* About this exercise *
Starting with the line that holds "VinFast a retiré", repeat each line through the last one below, exactly. Pictures stay out.

* Given records *

******

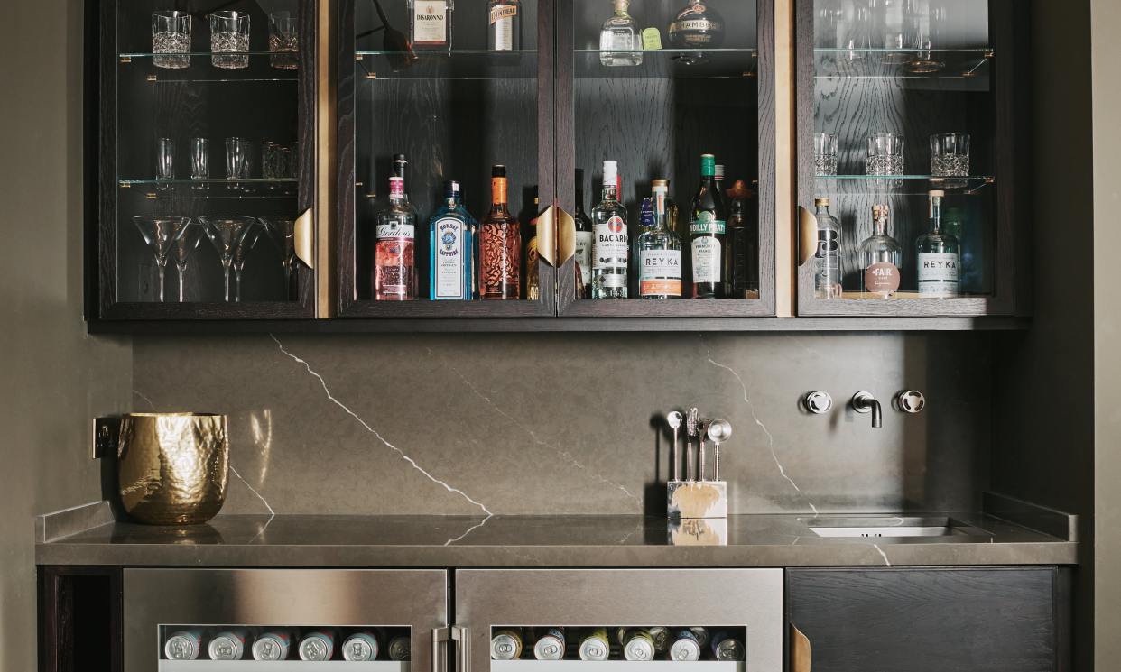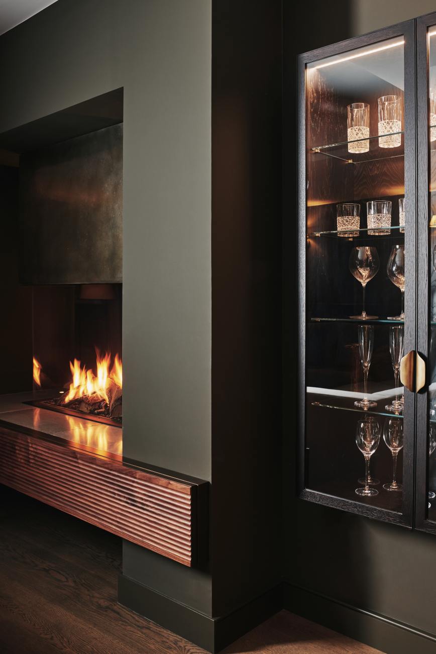 Our client wanted us to create a space that’s both inviting and sophisticated, somewhere where the family could enjoy everything from Friday night drinks to Sunday afternoon movie marathons. A masterclass in understated luxury, the design is characterised by the quality and effortless beauty of the materials chosen, and the skill with which they’ve been curated. Wall mounted cupboards for glassware feature glass and dark stained oak, finished with bronze handles and interior lighting, and the theme is continued into the bar area where glass fronted cupboards with liquid bronze styles sit above wine coolers and a small sink. This Mayfair media room is so much more than somewhere to watch movies, its perfect for some serious entertaining too!
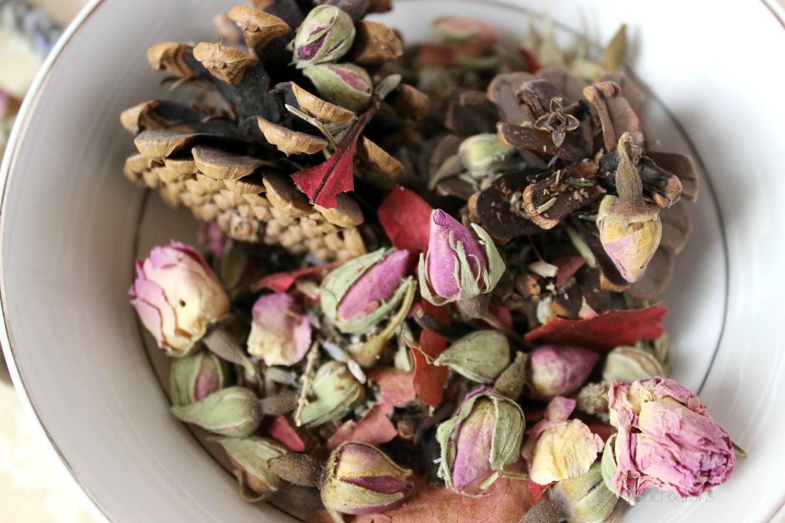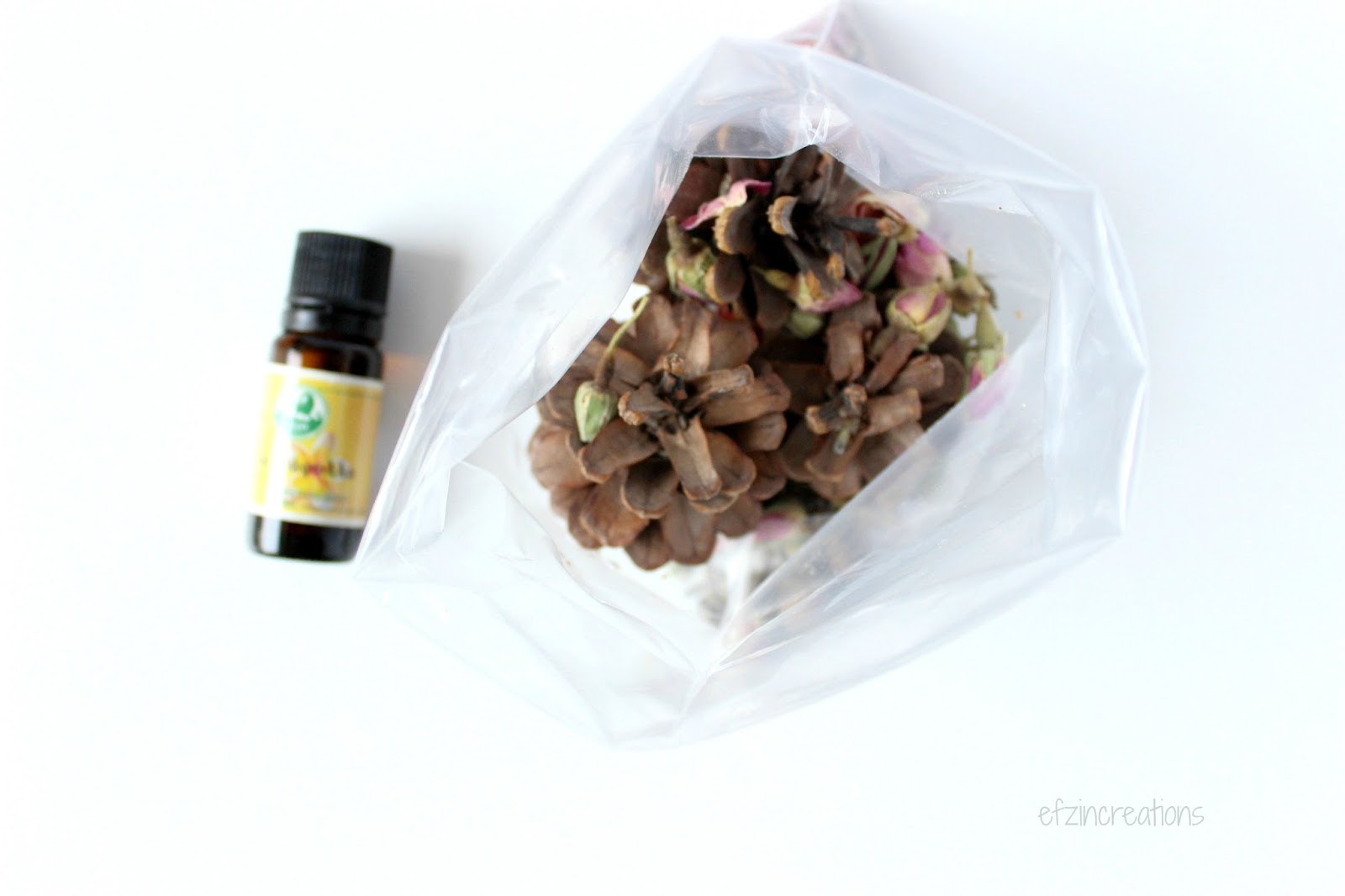 The procedure is really easy! Put all the dried flowers and the lavender and the cloves and the pine cones (or what ever you wish to add and in the quantity you wish) in a small plastic bag. Add 6-8 drops from the essential oil and try to stir them smoothly.
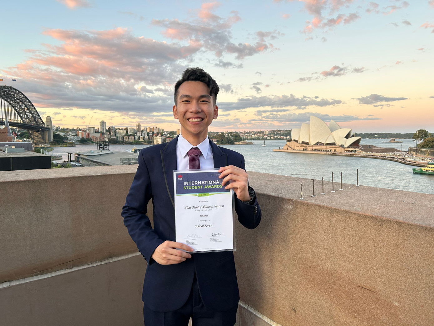 Được Bộ Giáo dục NSW bổ nhiệm làm Đại sứ Du học sinh, đại diện hơn 240 trường công lập trên toàn tiểu bang NSW năm 2023.
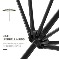 Stay protected from the sun while enjoying the outdoors with the Outsunny Outdoor Patio Umbrella. This versatile sun umbrella allows you to control the angle of shade, eliminating glare and providing a comfortable environment. Designed in two attractive colors, it complements any outdoor setting, from parks and gardens to patios and beaches. The tiltable canopy with three angle settings ensures protection from the setting sun. Crafted with a sturdy metal frame and 180gsm polyester fabric, this garden umbrella is built to last. The vented canopy and eight ribs keep it stable even in windy conditions. With a convenient crank handle, opening and closing the umbrella is easy. Assembly is required, and it comes with a two-section pole for easy transport.
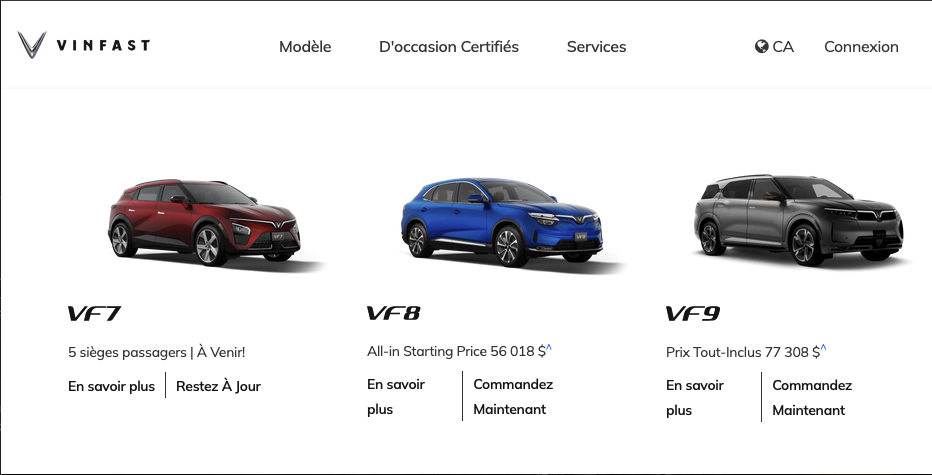 VinFast a retiré le VF6 de ses pages consacrées aux futurs modèles au Canada et aux États-Unis. Sur ses deux sites nationaux, le constructeur affiche maintenant les VF8 et VF9 déjà en vente, tandis que le VF7 demeure indiqué comme « à venir ».
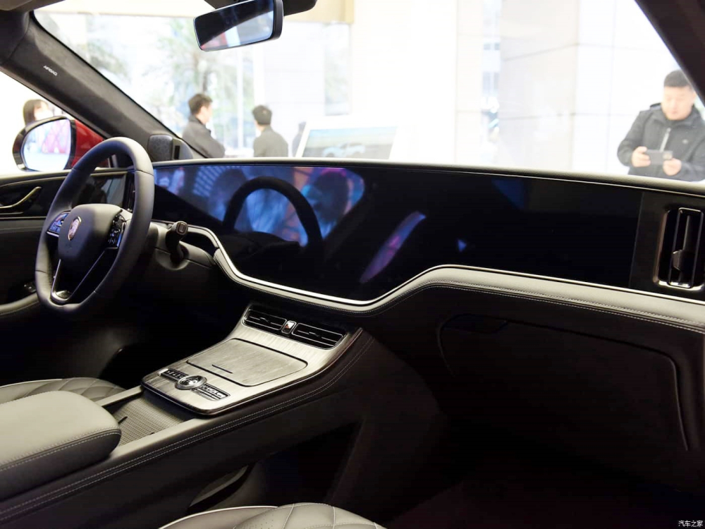 Mở cửa bước vào trong khoang lái, bạn dễ tìm thấy sự hiện đại và sành điệu của Hengchi 5 qua 3 màn hình và cửa sổ trời lớn. Trong đó, xe có hai màn hình 10,25 inch cho người lái và hành khách và màn hình giải trí có kích thước 14,6 inch. Cả 3 màn hình này có kết nối 5G và hoạt động trong hệ sinh thái Baidu.
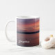 Une belle photo au coucher du soleil de Destei avec des tons orange et violet sur un lac calme. Cette tasse comprend de l'espace pour personnaliser avec un nom, ce qui en fait un cadeau paisible et réfléchi pour toute personne qui aime la nature, des moments lents ou la lumière chaude du soir.

******

* Response *
 VinFast a retiré le VF6 de ses pages consacrées aux futurs modèles au Canada et aux États-Unis. Sur ses deux sites nationaux, le constructeur affiche maintenant les VF8 et VF9 déjà en vente, tandis que le VF7 demeure indiqué comme « à venir ».
 Mở cửa bước vào trong khoang lái, bạn dễ tìm thấy sự hiện đại và sành điệu của Hengchi 5 qua 3 màn hình và cửa sổ trời lớn. Trong đó, xe có hai màn hình 10,25 inch cho người lái và hành khách và màn hình giải trí có kích thước 14,6 inch. Cả 3 màn hình này có kết nối 5G và hoạt động trong hệ sinh thái Baidu.
 Une belle photo au coucher du soleil de Destei avec des tons orange et violet sur un lac calme. Cette tasse comprend de l'espace pour personnaliser avec un nom, ce qui en fait un cadeau paisible et réfléchi pour toute personne qui aime la nature, des moments lents ou la lumière chaude du soir.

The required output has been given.